START Data for the task

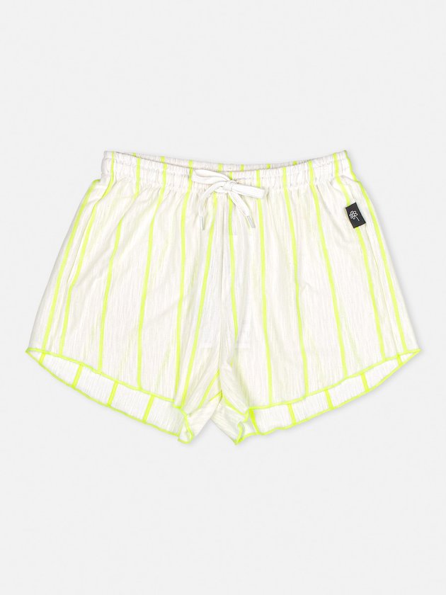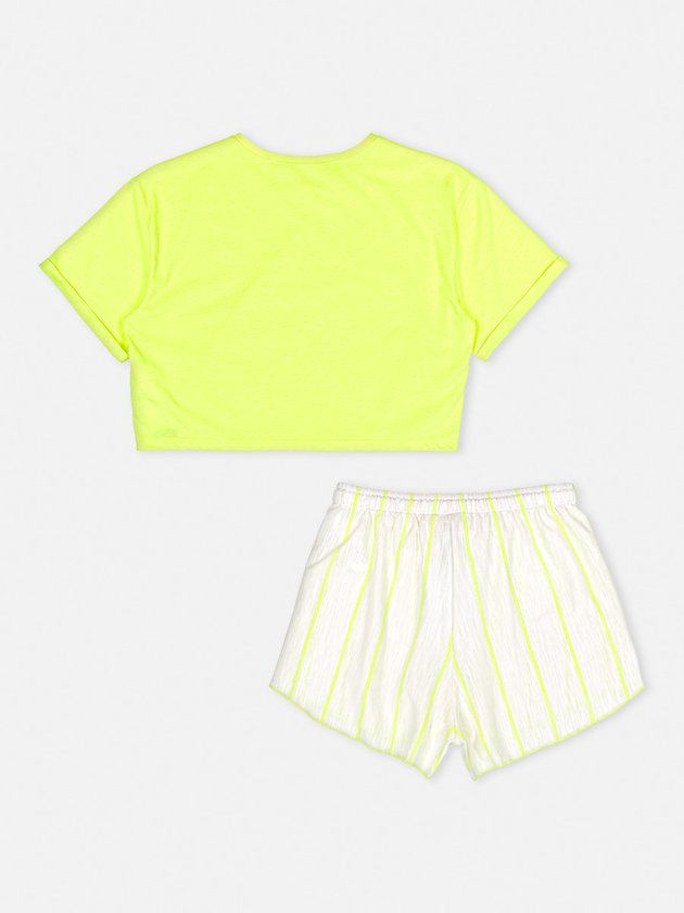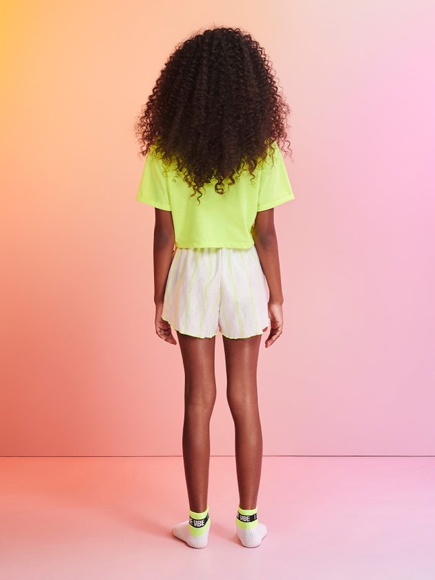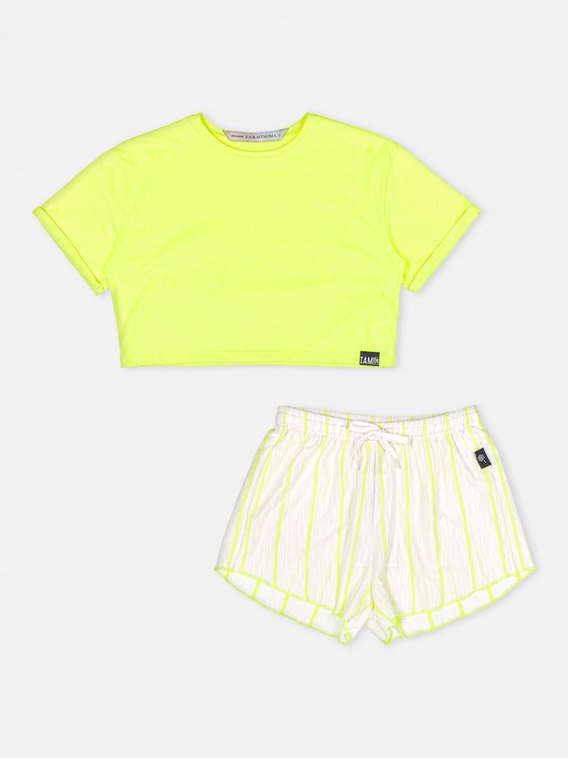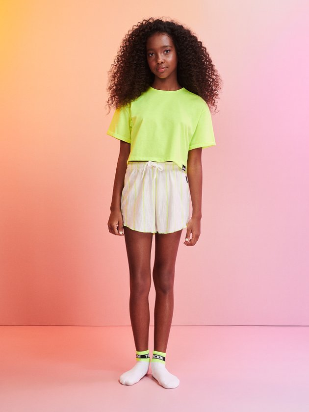 O conjunto de pijama I’am é composto por blusa em malha neon com modelagem mais curta, uma peça pra lá de confortável ideal para acompanhar as garotas nas noites de sono, na parte de baixo conta com short listrado, no cós traz elástico interno e cadarço para ajuste, impossível não se apaixonar por esse conjunto. Composição - Blusa: 97% poliéster e 3% elastano - Short: 54% algodão e 46% poliéster. Ref.: R3334
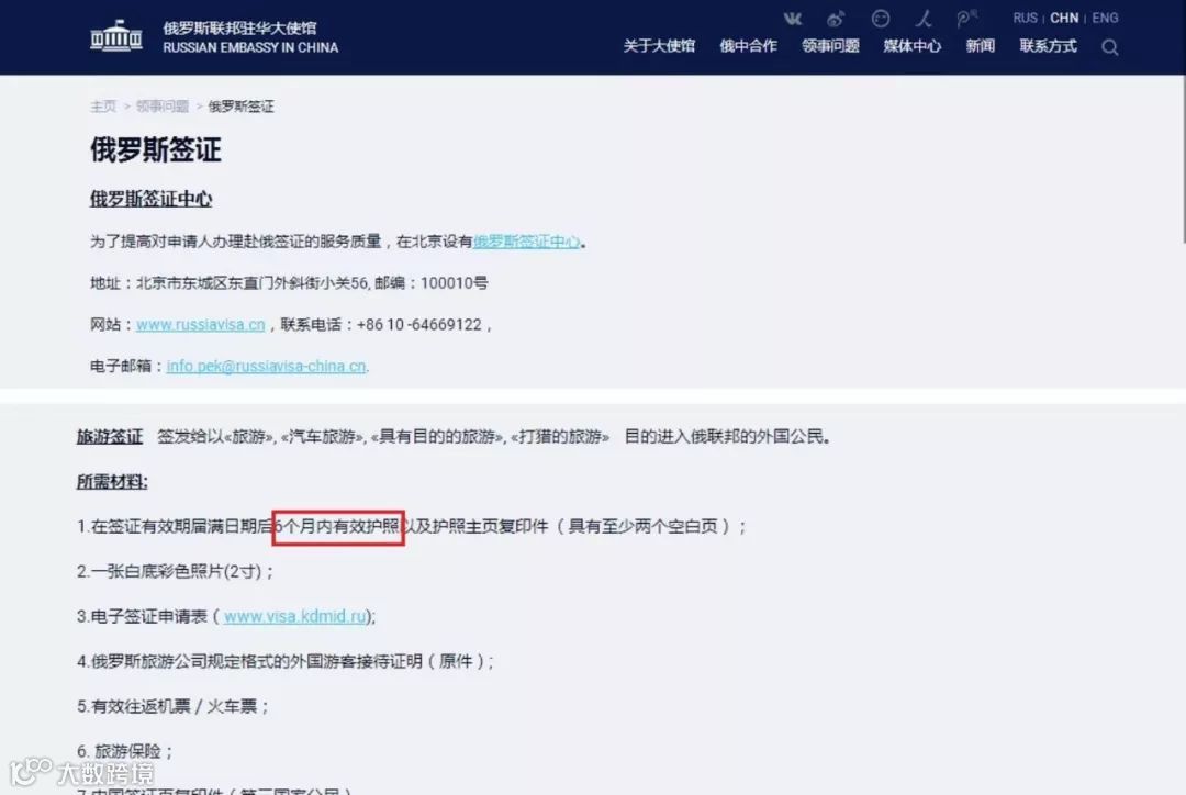 俄罗斯:需要提供在签证有效期届满日期后6个月内有效的护照
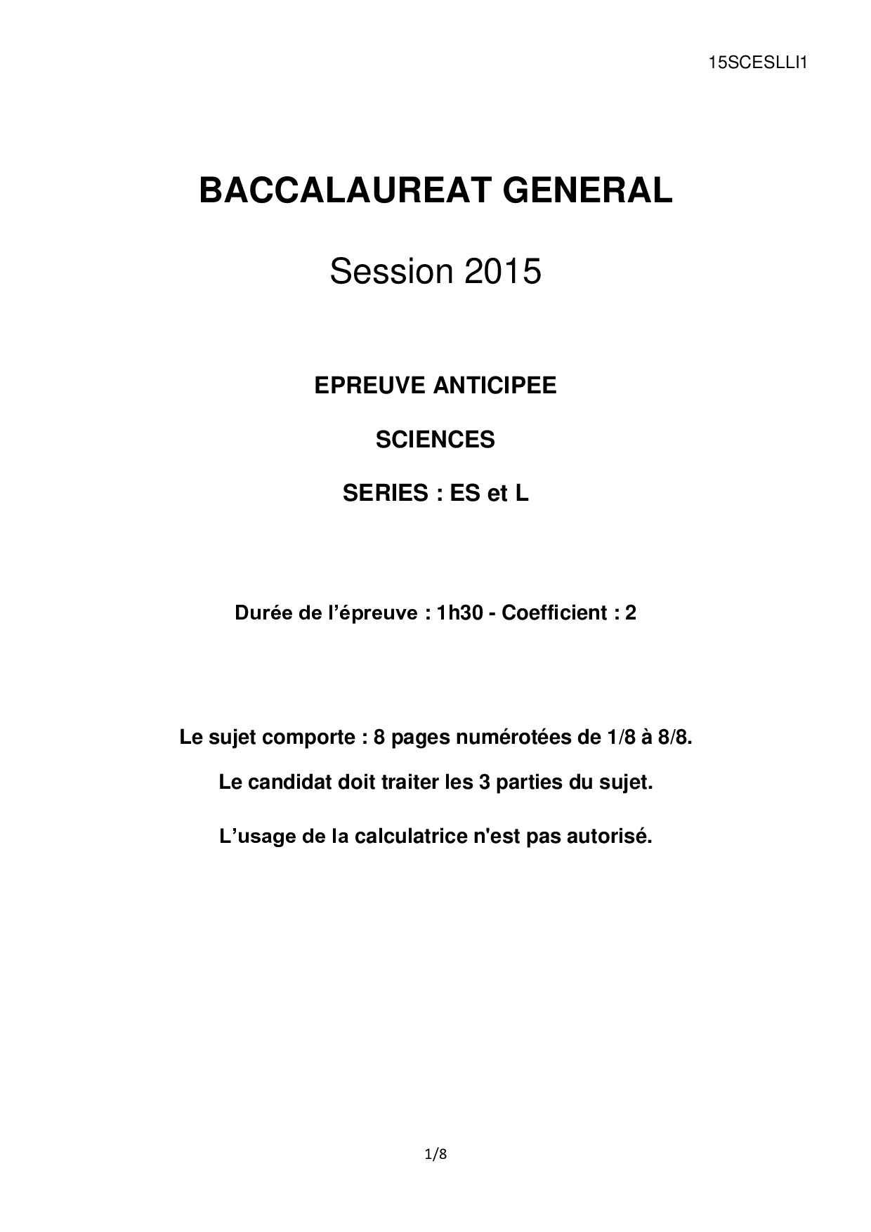 Bac ES-L Sciences (1ère) Liban 2015 - Sujet
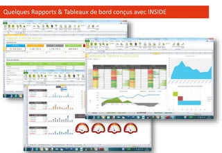 Le document présente une solution de reporting d'entreprise incluant des tableaux de bord financiers interactifs permettant d'analyser données réelles et budgétaires. Il propose des outils graphiques personnalisables pour visualiser des indicateurs clés en temps réel. Des exemples spécifiques de tableaux de bord pour divers secteurs sont également mentionnés.
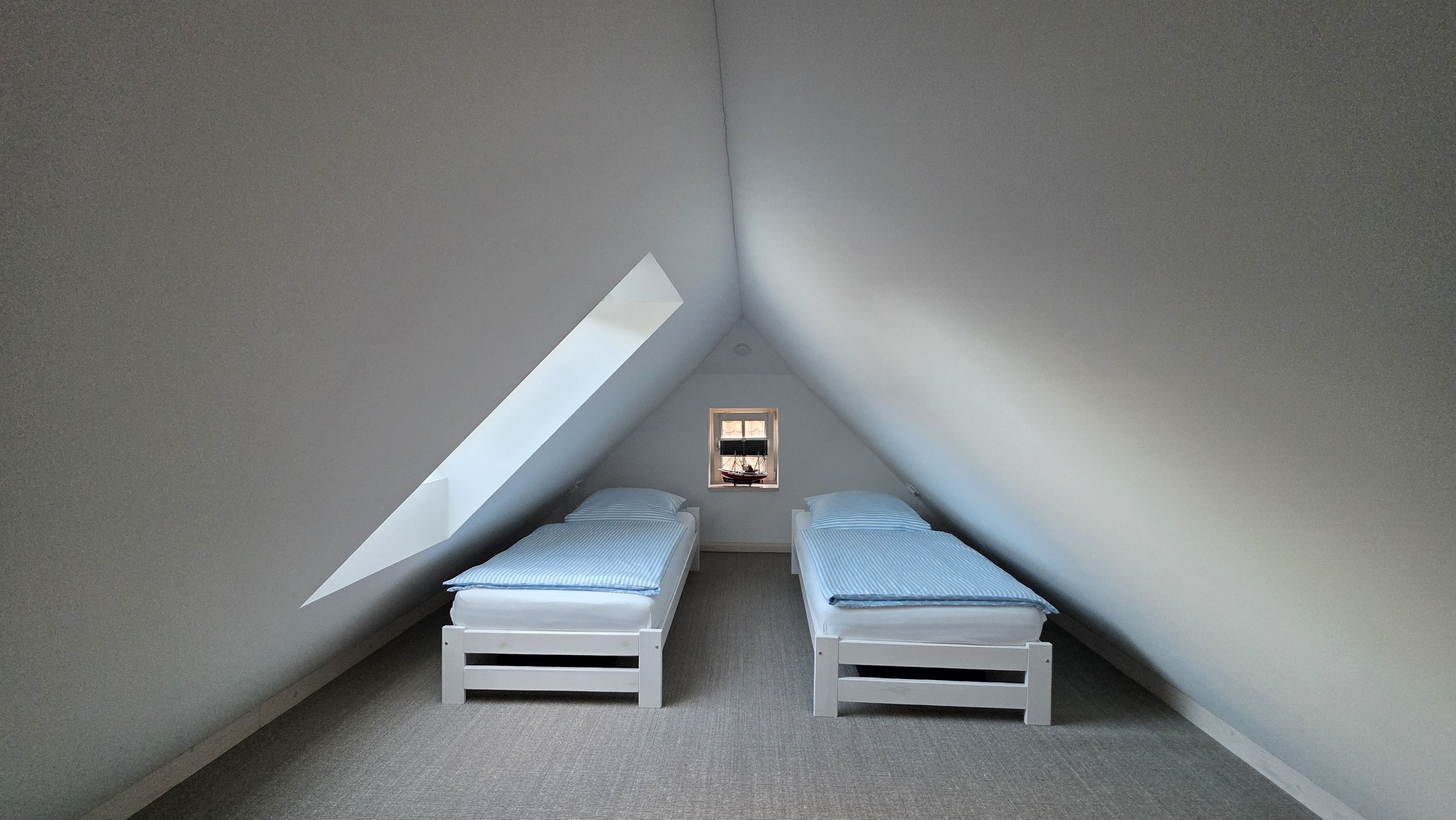 Die Ausstattung umfasst ein gemütliches Wohnzimmer, welches offen zur Küchenzeile gestaltet ist und eine praktische Sitzbar besitzt. Im Erdgeschoss befindet sich ein großzügiges Schlafzimmer mit einem komfortablen Boxspringbett (180 x 200 cm). Für Unterhaltung sorgen ein TV mit Wandhalterung sowie kostenfreies WLAN. Die voll ausgestattete Küche lässt keine Wünsche offen. Der lichtdurchflutete Wohnbereich bietet einen offenen Blick in den Giebel und lädt zum Verweilen ein. Für eine angenehme Atmosphäre sorgen Fußbodenheizung und eine moderne Wärmepumpe. Fliegengitter schützen vor ungebetenen Gästen, während das Badezimmer mit einer bequemen Walk-in-Dusche, WC und einem Handtuchwärmer ausgestattet ist. Im Obergeschoss befindet sich eine Galerie mit zwei Einzelbetten und freiem Blick in den Wohnraum. Die Sonnenterrasse lockt mit Seitenmarkisen, Sichtschutz und einer Lounge Sitzgruppe. Der eingezäunte Garten bietet Privatsphäre, ein PKW-Stellplatz ist vorhanden. Zusätzlich steht ein Gartenhaus zur Verfügung, in dem mitgebrachte Fahrräder sicher abgestellt und geladen werden können.
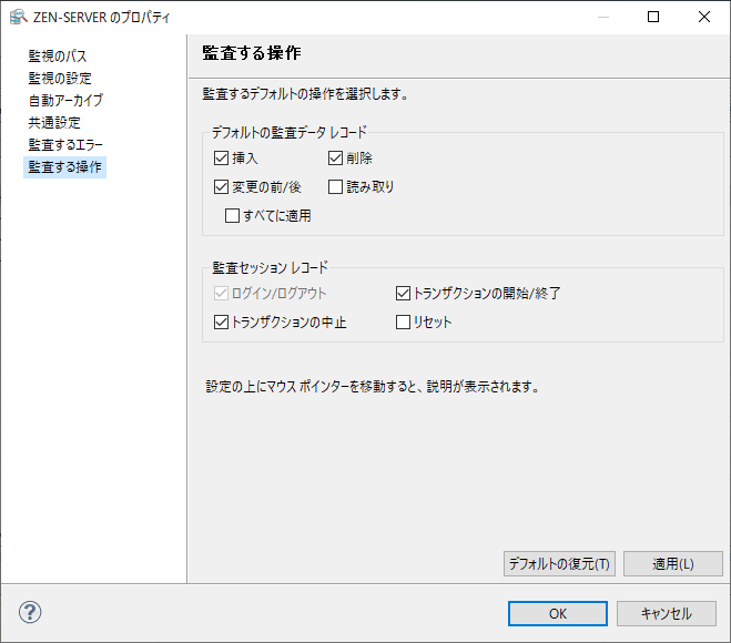監査する操作 | グローバルに監査するデフォルトの操作 | 監視する各ファイルについて、デフォルトで監査ログに入れる Microkernel エンジンのイベントを設定します。これらの設定は、ファイルごとに手動で変更することができます。 グローバルに監査する操作を参照してください。 |
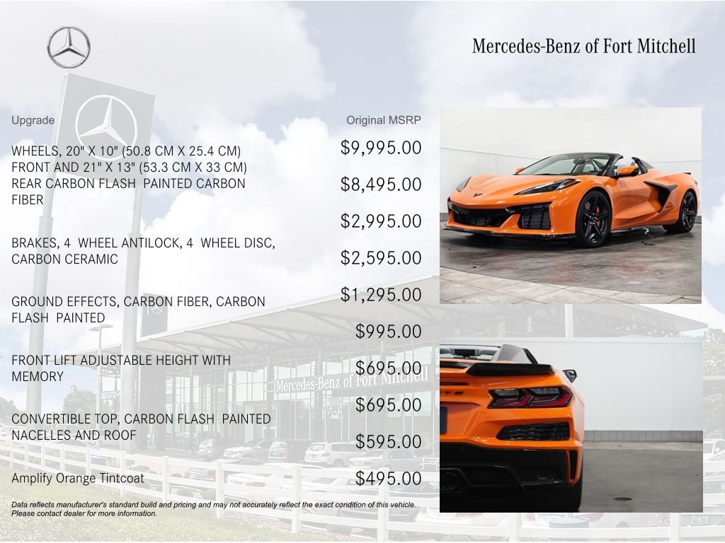 Amplify Orange Tintcoat 2023 Chevrolet Corvette Z06 3LZ RWD 8-Speed Dual Clutch 5.5L V8 CARBON CERAMIC BRAKES, GROUND EFFECTS - CARBON FIBER, CARBON FLASH PAINTED NACELLES AND ROOF, CONVERTIBLE TOP, EXHAUST TIPS, BLACK, 2 Cargo Nets, 8-Way Power Driver Seat Adjuster, 8-Way Power Passenger Seat Adjuster, Apple CarPlay®/Android Auto®, Automatic Leveling System Headlamp Control, Bose Performance Series Sound System w/14 Speakers, Carbon Fiber/Sueded Microfiber-Wrap Steering Wheel, Convertible HardTop, Convertible roof lining, Custom Leather Wrapped Interior Package, Driver Power Bolster Seat Adjuster, Electrical Theft Deterrent System, Front Lift Adjustable Height w/Memory, Fully automatic headlights, GT2 Bucket Seats, HD Front & Rear Vision Cameras, Heads-Up Display, Heated & Vented Driver & Passenger Seats, Heated Steering Wheel, Memory Driver & Passenger Convenience Package, Napa Lthr Seating Surfaces w/Perforated Inserts, Orange Seat Belt Color, Orange-Painted Calipers, Passenger Power Bolster Seat Adjuster, Performance Data & Video Recorder, Power Driver Lumbar Control Seat Adjuster, Power Passenger Lumbar Control Seat Adjuster, Power-Adjustable Outside Heated Mirrors, Preferred Equipment Group 3LZ, Rear Cross Traffic Alert, Side Blind Zone Alert, Stealth Interior Trim Package, Sueded Microfiber-Wrapped Upper Interior Trim Pkg, Universal Home Remote, Vehicle Inclination Theft Deterrent Sensor, Vehicle Interior Movement Theft Deterrent Sensor, Wheels: 20" x 10" Fr/21" x 13" Rr Carbon Flash, Wireless Charging for Devices.
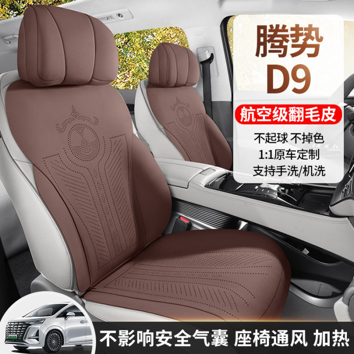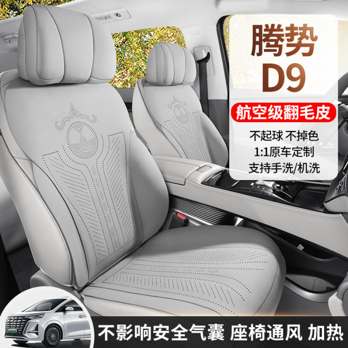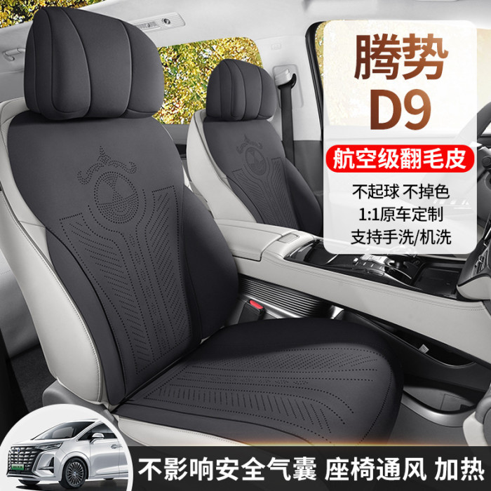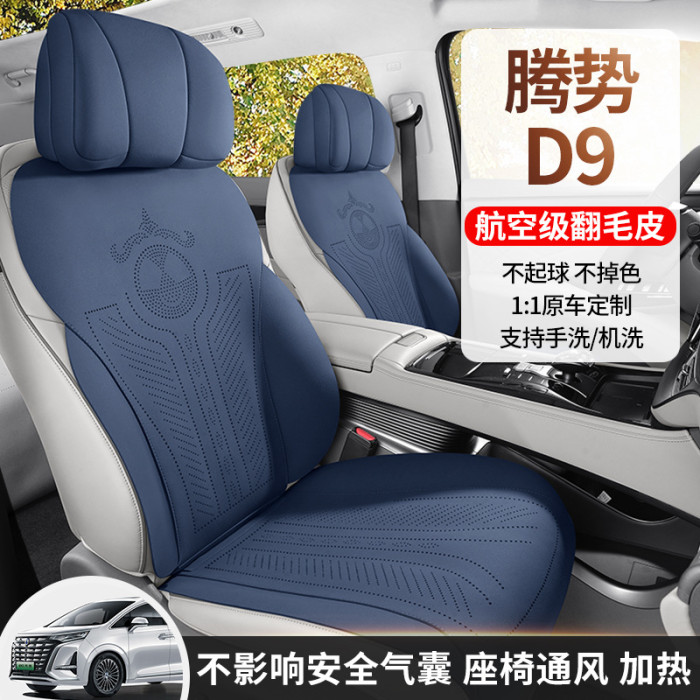 適用於騰勢D9專用汽車坐墊輕奢馬鞍墊翻毛皮半包座椅套座墊

END Data for the task

(About this task): Where an entry contains an image, skip the image; repeat everything else exactly.

(Response box):
 O conjunto de pijama I’am é composto por blusa em malha neon com modelagem mais curta, uma peça pra lá de confortável ideal para acompanhar as garotas nas noites de sono, na parte de baixo conta com short listrado, no cós traz elástico interno e cadarço para ajuste, impossível não se apaixonar por esse conjunto. Composição - Blusa: 97% poliéster e 3% elastano - Short: 54% algodão e 46% poliéster. Ref.: R3334
 俄罗斯:需要提供在签证有效期届满日期后6个月内有效的护照
 Bac ES-L Sciences (1ère) Liban 2015 - Sujet
 Le document présente une solution de reporting d'entreprise incluant des tableaux de bord financiers interactifs permettant d'analyser données réelles et budgétaires. Il propose des outils graphiques personnalisables pour visualiser des indicateurs clés en temps réel. Des exemples spécifiques de tableaux de bord pour divers secteurs sont également mentionnés.
 Die Ausstattung umfasst ein gemütliches Wohnzimmer, welches offen zur Küchenzeile gestaltet ist und eine praktische Sitzbar besitzt. Im Erdgeschoss befindet sich ein großzügiges Schlafzimmer mit einem komfortablen Boxspringbett (180 x 200 cm). Für Unterhaltung sorgen ein TV mit Wandhalterung sowie kostenfreies WLAN. Die voll ausgestattete Küche lässt keine Wünsche offen. Der lichtdurchflutete Wohnbereich bietet einen offenen Blick in den Giebel und lädt zum Verweilen ein. Für eine angenehme Atmosphäre sorgen Fußbodenheizung und eine moderne Wärmepumpe. Fliegengitter schützen vor ungebetenen Gästen, während das Badezimmer mit einer bequemen Walk-in-Dusche, WC und einem Handtuchwärmer ausgestattet ist. Im Obergeschoss befindet sich eine Galerie mit zwei Einzelbetten und freiem Blick in den Wohnraum. Die Sonnenterrasse lockt mit Seitenmarkisen, Sichtschutz und einer Lounge Sitzgruppe. Der eingezäunte Garten bietet Privatsphäre, ein PKW-Stellplatz ist vorhanden. Zusätzlich steht ein Gartenhaus zur Verfügung, in dem mitgebrachte Fahrräder sicher abgestellt und geladen werden können.
監査する操作 | グローバルに監査するデフォルトの操作 | 監視する各ファイルについて、デフォルトで監査ログに入れる Microkernel エンジンのイベントを設定します。これらの設定は、ファイルごとに手動で変更することができます。 グローバルに監査する操作を参照してください。 |
 Amplify Orange Tintcoat 2023 Chevrolet Corvette Z06 3LZ RWD 8-Speed Dual Clutch 5.5L V8 CARBON CERAMIC BRAKES, GROUND EFFECTS - CARBON FIBER, CARBON FLASH PAINTED NACELLES AND ROOF, CONVERTIBLE TOP, EXHAUST TIPS, BLACK, 2 Cargo Nets, 8-Way Power Driver Seat Adjuster, 8-Way Power Passenger Seat Adjuster, Apple CarPlay®/Android Auto®, Automatic Leveling System Headlamp Control, Bose Performance Series Sound System w/14 Speakers, Carbon Fiber/Sueded Microfiber-Wrap Steering Wheel, Convertible HardTop, Convertible roof lining, Custom Leather Wrapped Interior Package, Driver Power Bolster Seat Adjuster, Electrical Theft Deterrent System, Front Lift Adjustable Height w/Memory, Fully automatic headlights, GT2 Bucket Seats, HD Front & Rear Vision Cameras, Heads-Up Display, Heated & Vented Driver & Passenger Seats, Heated Steering Wheel, Memory Driver & Passenger Convenience Package, Napa Lthr Seating Surfaces w/Perforated Inserts, Orange Seat Belt Color, Orange-Painted Calipers, Passenger Power Bolster Seat Adjuster, Performance Data & Video Recorder, Power Driver Lumbar Control Seat Adjuster, Power Passenger Lumbar Control Seat Adjuster, Power-Adjustable Outside Heated Mirrors, Preferred Equipment Group 3LZ, Rear Cross Traffic Alert, Side Blind Zone Alert, Stealth Interior Trim Package, Sueded Microfiber-Wrapped Upper Interior Trim Pkg, Universal Home Remote, Vehicle Inclination Theft Deterrent Sensor, Vehicle Interior Movement Theft Deterrent Sensor, Wheels: 20" x 10" Fr/21" x 13" Rr Carbon Flash, Wireless Charging for Devices.
 適用於騰勢D9專用汽車坐墊輕奢馬鞍墊翻毛皮半包座椅套座墊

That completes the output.